Nietypowy, ale trzymający się najważniejszych wyznaczników gatunku.
Tym razem bohaterem jest niejaki Booker DeWitt, który – by spłacić stare długi –
decyduje się wyprowadzić z napowietrznego miasta pewną młodą kobietę. Elizabeth jest tam
przetrzymywana od kilkunastu lat. Do spotkania z bohaterką prowadzimy rozgrywkę w
samotności – później towarzyszy nam ona, pozostając jednak postacią typu NPC.
Największą atrakcją jest ponownie sceneria. Miasto w chmurach, rzekomo zbudowane
w 1901 roku na polecenie prezydenta Williama McKinleya, miało ucieleśniać ideę American
exceptionalism – koncepcji zakładającej wyjątkową rolę Stanów Zjednoczonych. W grze
pojawiają się bezpośrednie nawiązania do World’s Fair: Columbian Exposition – wystawy
światowej zorganizowanej w 1893 roku w Chicago i mającej być świadectwem
uprzywilejowanej pozycji USA oraz technologicznej potęgi tego kraju. Nieprzypadkowo
metropolia, w której rozgrywa się akcja BioShock Infinite, nazywa się… Columbia.
Oczekiwania były ogromne. Trudno się zresztą dziwić: projektanci sami bardzo
wysoko ustawili poprzeczkę. Mieli też zapewne świadomość, że prosty sequel czy prequel
musiałby rozczarowywać. W ten sposób BioShock stał się franczyzą, a gracze mogą
spodziewać się różnych zaskakujących nowości oferowanych im w przyszłości pod tą nazwą.
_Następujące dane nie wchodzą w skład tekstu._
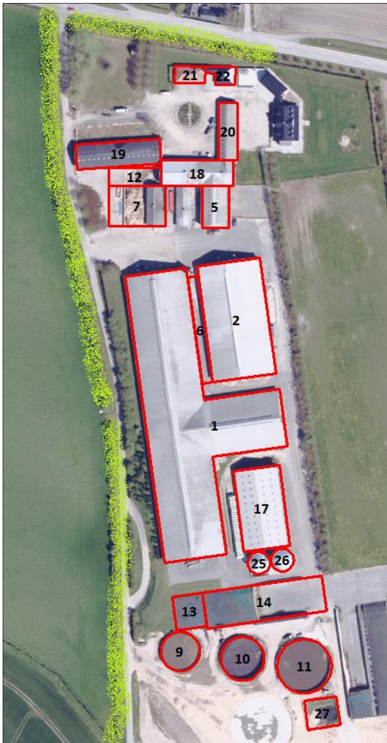
Figur 2. Beplantning der skal bevares (grøn markering).

Ejendommen ligger inden for værdifuldt landbrugsområde, hvor arealanvendelsen til landbrugsformål vægtes højt.
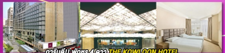
การันตี!! พิเศษ 4 ดาว THE KOWLOON HOTEL ติดถนนนาราน ย่านช้อปปิ้งจิมซาจุ่ย
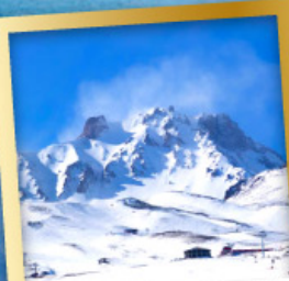
ภูเขาไฟเออซีเยส์
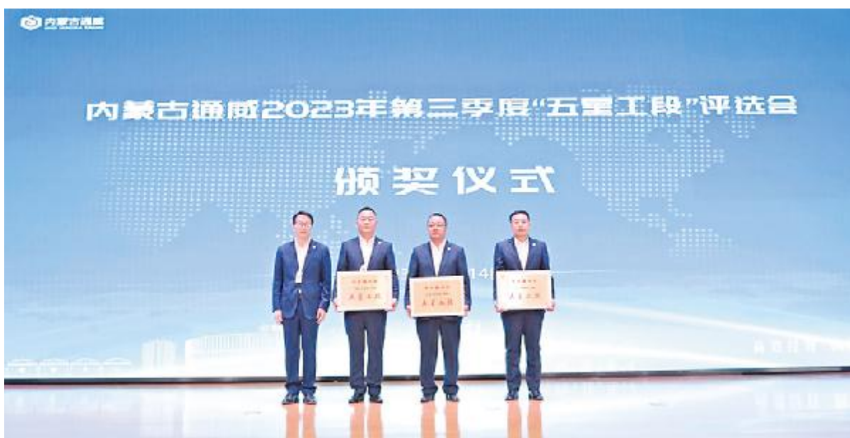
内蒙古通威举行2023年第三季度“五星工段”评选会

记者 钟继辉 通讯员 杨娟 李福超 杨树芬 陈怡迪 胡裕 胡尧 喻镭 陈霞 许文娟 王玮华 杨彦超
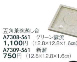
[A]角茶碗蒸し台 A7308-561 グリーン雲流 1,100円 (12.8×12.8×1.6cm) A7309-561 新溜 750円 (12.8×12.8×1.6cm)
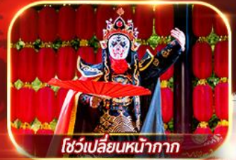
โชว์เปลี่ยนหน้ากาก

สัมผัสความงามไม้เปลี่ยนสีที่จิวจ้ายโกว เยือนเขาจ้อไบ๊ ชมอุทยานแห่งชาติหวงหลง ล่องเรือชมหลวงพ่อดโตเล่อซาน
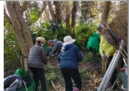
枯れ枝等を集め束ねての粗朶作り
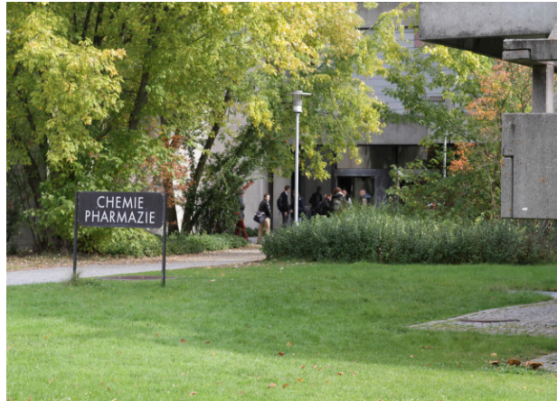
Institut für Pharmazie, Universität Regensburg
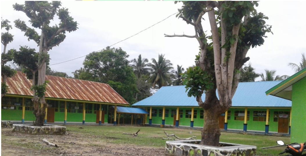
Gedung Belajar SMP Negeri 1 sawa
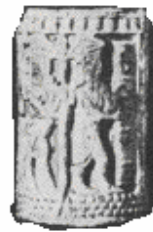
Fig. # 3. En la dura piedra está grabado el dibujos, cuando se hizo rodar sobre una tableta de blanda arcilla, que se muestra a la izquierda. En la otra tableta aparecen una choza de juncos y varios animales. Podría representar una escena de un cuento sobre la vida de los pastores a la orilla del Eufrates o ser, sencillamente, el inventario de una granja.

Los egipcios aprendieron este arte, también desde tiempos remotos, y empezaron a dar a sus gemas forma de escarabajos; y a esas piedras se las conoce, precisamente por eso, con el nombre de "escarabajos". Pero a sus artistas se los recuerda mejor por su labor en madera y en piedra. Al principio, adornaban sus muebles con tallas. Hacían grandes imágenes de sus reyes en madera y cincelaban en la piedra monstruosos animales, como las esfinges, ver Figura #4. Esculpieron sobre sus tumbas y templos muchos dibujos e inscripciones en relieve, es decir, haciendo sobresalir apenas las figuras sobre el fondo.
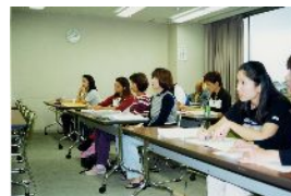
日本語講座の生徒さん
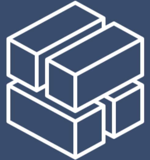
Modalità di consultazione
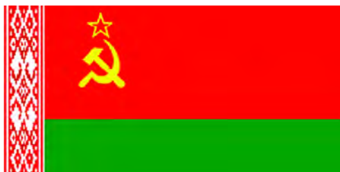
Флаг БССР (25.12.1951–19.09.1991)
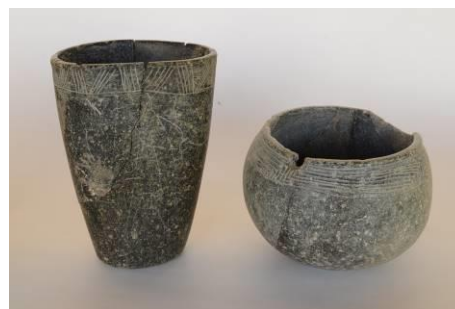
副葬されていた石製容器

埋葬の中には副葬品をとまなう例が少なからず認められ、特にクロライト製の石製容器、石製ビーズなど、高度な工芸技術によって製作された遺物も確認された。貝製ビーズは地中海産の貝を素材としたものもあり、500 km近い距離を交易などによって入手していたと考えられる。多数出土している黒曜石とともに、長距離交易の発達を示す資料である。
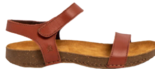
Art, I breathe € 79,90 Glattleder, braun // schwarz
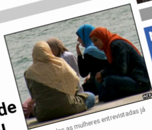
Quase todas as mulheres entrevistadas já sofreram assédio

Cerca de um terço das mulheres no Egito é vítima de assédio sexual diariamente, indicam os resultados preliminares de uma pesquisa do Centro Egípcio de Mulher.
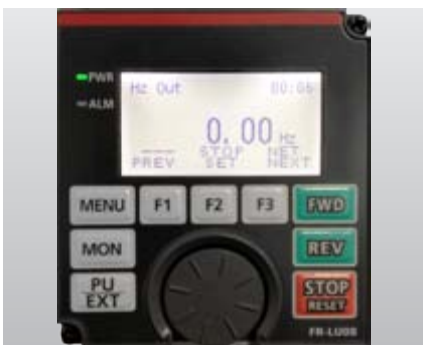
FR-LU08 mit Volltextanzeige in bis zu fünfzehn Sprachen und mit Echtzeithr.

Mit dem integrierten „Digital Dial“ der Bedieneinheit hat der Anwender einen direkten Zugriff auf alle wichtigen Parameter. Entscheiden Sie sich für die Bedieneinheit, die Ihren Anforderungen gerecht
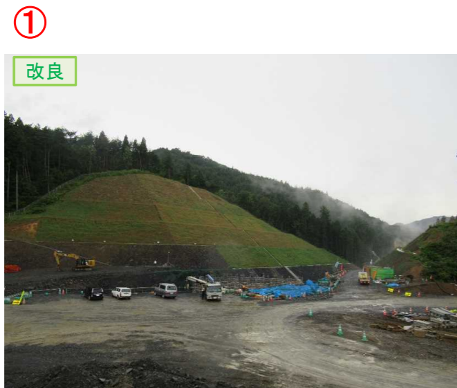
▲No.20から終点側を望む [唐桑北IC(仮)]
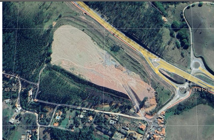
Imagem nº 01- Imagem aérea coletada do programa Google Earth demonstrando o local onde será realizada a pavimentação
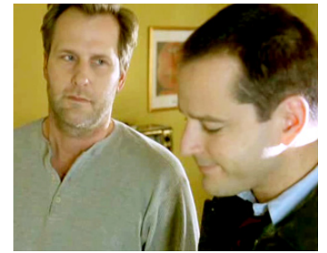
2000 INSOMNIES (Chasing Sleep) de Michael Walker avec Gil Bellows
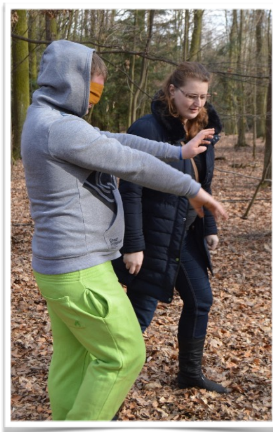
Salesiánský klub mládeže Centrum Don Bosco doprovází mladé lidi z dětských domovů na cestě k samostatnosti

Nadace jistota také dlouhodobě podporuje organizaci Sport bez predsudků, jejímž cílem je sportovními aktivitami předcházet vzniku sociálně patologických jevů. Na aktivity této organizace pomáhající dětem ze sociálně vyloučených lokalit Nadace v roce 2017 přispěla částkou 135 000 Kč.
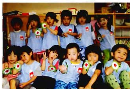
3 歳 児

生活の流れが違う乳児と幼児ではなかなか関わりを持つ事が難しいのが現状ですが、今回のような関わりが日頃から持てるように、子ども達と相談しながら実践して行きたいと思っています。
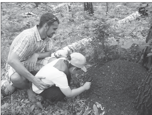
Познавательной была экскурсия в «Муравельный лес».
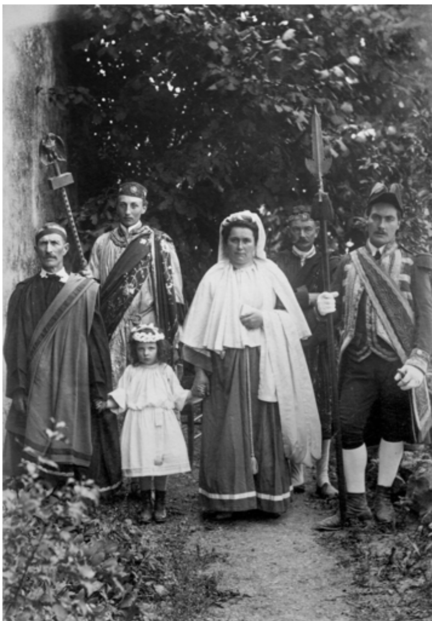
Sainte Reine enfant. 1886.
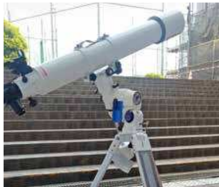
星や化石に興味のある者集まれ！
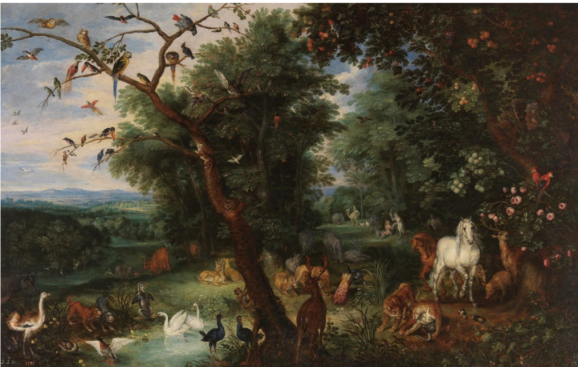
O Paraíso Terrenal, de Pieter Brueghel o Novo. Cedido temporalmente para a exposición Galicia, un relato no mundo polo Museo Nacional del Prado
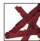
Coupe croisée 4 x 40 mm Niveau de sécurité DIN 3 Documents confidentiels.
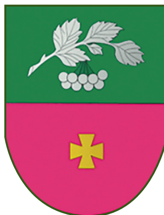
Герб села Маломихайлівка
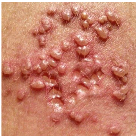
Slika 5.1. Genitalni herpes

Komplikacija koju može izazvati herpes virus i koja najviše zabrinjava jest prijenos virusa s majke na fetus (16).
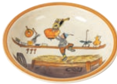
Suppenteller Ursli holt Glocke Ø 21 cm hoher Rand 39130
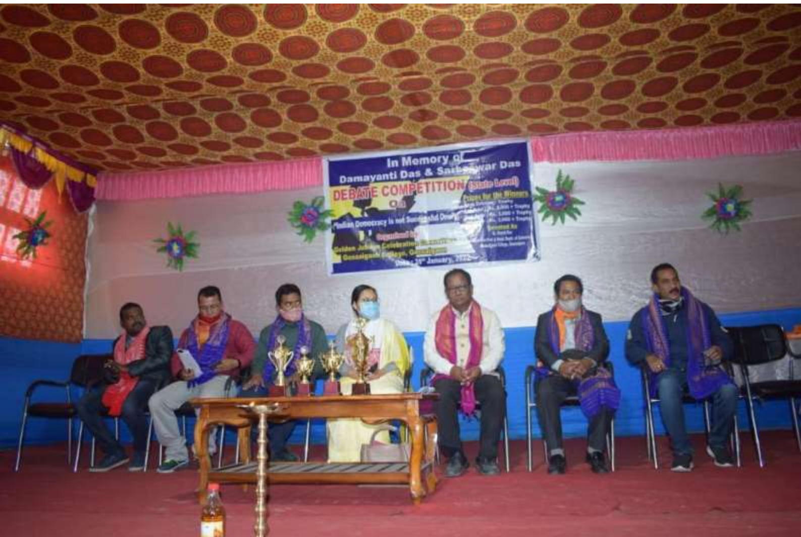
Debate held Competition in connection with Golden Jubilee Celebration
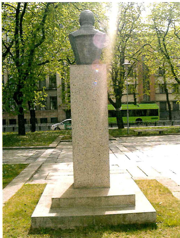
3 pav. Paminklo vaizdas iš galinės pusės.
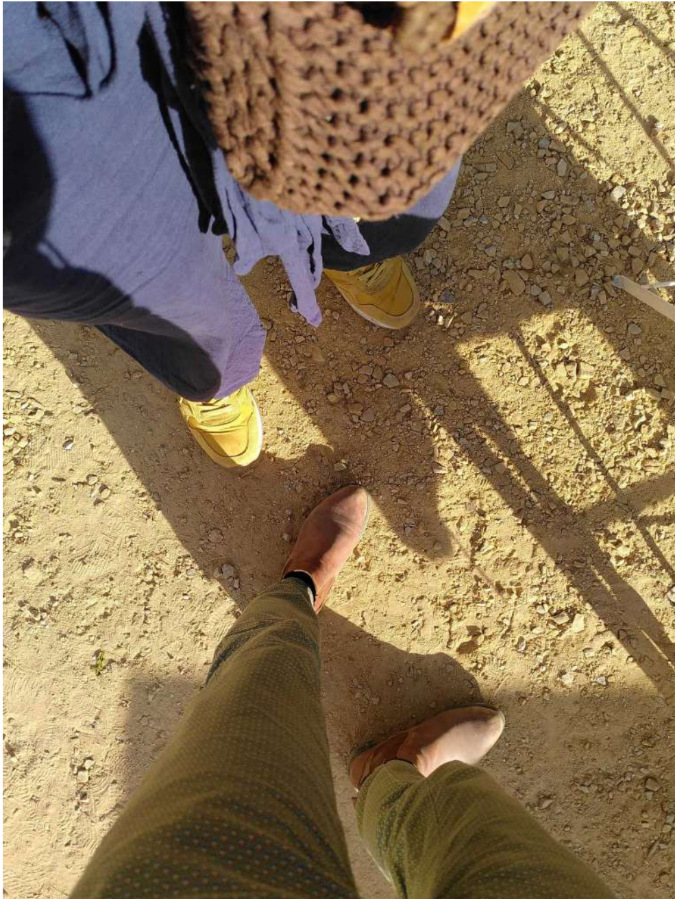
[Tu fais quoi ? demande Simon – Une photo de nos pieds. C'est cultures proches]
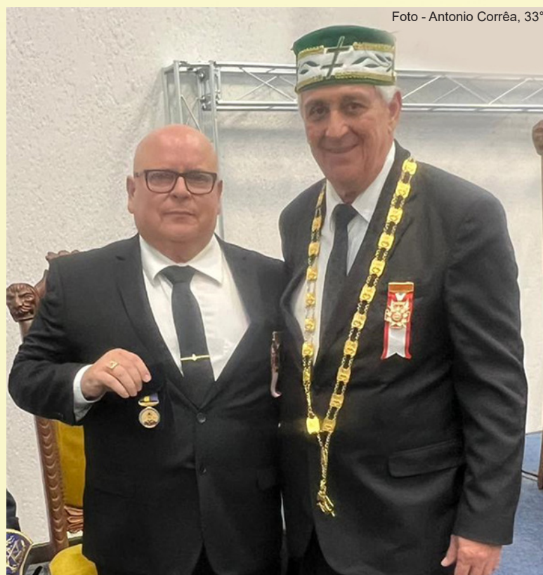
O Gd 1º.: Vig.: da GLESP recebendo a Comenda de 194 anos de fundação do SC.
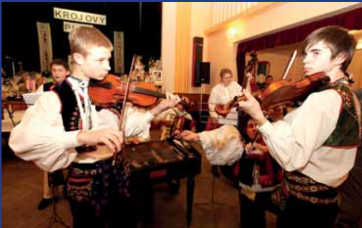
Dolňácká cimbálová muzika Blatnická Studánečka představila zakládací listiny muziky
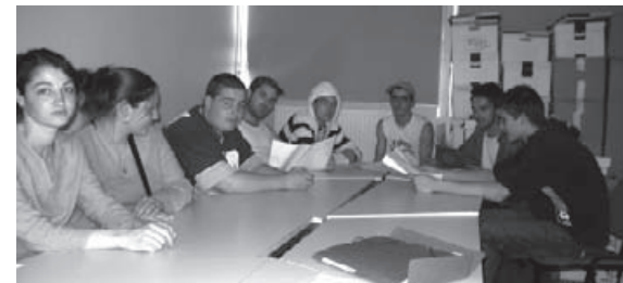
Au travail avec Capacitation
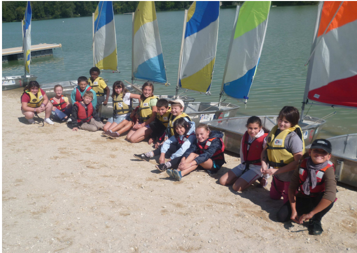
Les apprentis navigateurs

Tandis que les CM mettent le cap tous les mardis sur le plan d'eau de Saint Yrieix, les CE préparent leurs « petites escapades », titre de leur film présenté dans le cadre d'Ecole et Cinéma.
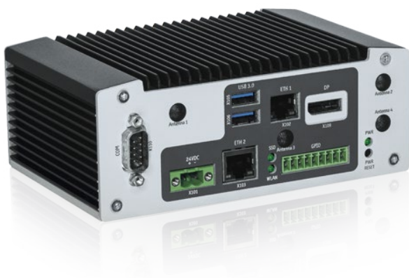
Konfigurierbare IoT-Gateways wie die Kontron KBox A-250 können als Plattform für den Betrieb von FabEagle®Connect eingesetzt werden.

Die Anbindung auch älterer Maschinen in Monitoring-, MES- oder Cloud-Lösungen erfolgt im FabEagle®-Konzept über ein konfigurierbares IoT-Gateway, das die Kommunikation mit übergeordneten Systemen übernimmt. Meist sind zusätzliche Sensoren nötig, die ebenfalls gleich über das Gateway mit einbezogen werden, beispielsweise Strom- oder Temperaturmesser. So lässt sich unter anderem der Status der Maschine bestimmen und feststellen, welche Prozessparameter vorherrschen. Über eine Anwendung können dabei mehrere Connections laufen – zum Beispiel lassen sich die Daten aus fünf Maschinen zugleich in eine Cloud-Anwendung liefern. In der Praxis werden dann beispielsweise Sensorsignale so bereitgestellt, dass ein MES-System in Echtzeit Informationen über Maschinenzustände und Teilarbeitsschritte wie „Teil eingelegt“, „Tür geschlossen“ oder „Teil entnommen“ erhält, um noch detaillierter zu planen.
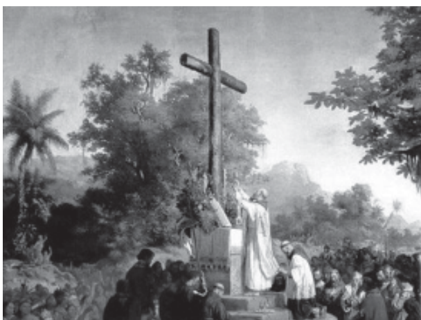
Primeira missa no Brasil - Victor Meirelles 1860 - Museu Oscar Niemeyer – Curitiba –PR.

A aula número 12 – A projeção da língua portuguesa no Novo Mundo: aspectos lingüísticos e culturais.

Opinie są w większości entuzjastyczne. Gra zbiera pochwalne recenzje – zarówno w
pismach branżowych, jak i pośród społeczności fanowskiej. Niektórzy narzekają tylko, że
jest… zbyt łatwa. BioShock Infinite zdaje się bowiem wpisywać w tendencję, jaką można
zaobserwować wśród najnowszych wysokobudżetowych produkcji. Jeszcze niedawno
innowacyjność w projektowaniu gier realizowała się w unowocześnianiu mechaniki. Choć
projektanci korzystali ze sprawdzonych silników, niejednokrotnie wprowadzali do nich
udoskonalenia pozwalające osiągać niepowtarzalne rozwiązania. Dziś znacznie więcej energii
poświęca się na budowanie spektakularnego wymiaru gier. We wszystkich niemal recenzjach
Infinite znajdziemy zachwyty nad konstrukcją napowietrznej kolejki, którą przemieszcza się
Booker. Owszem, widoki z niej są spektakularne, ale graczy bawi przecież co innego.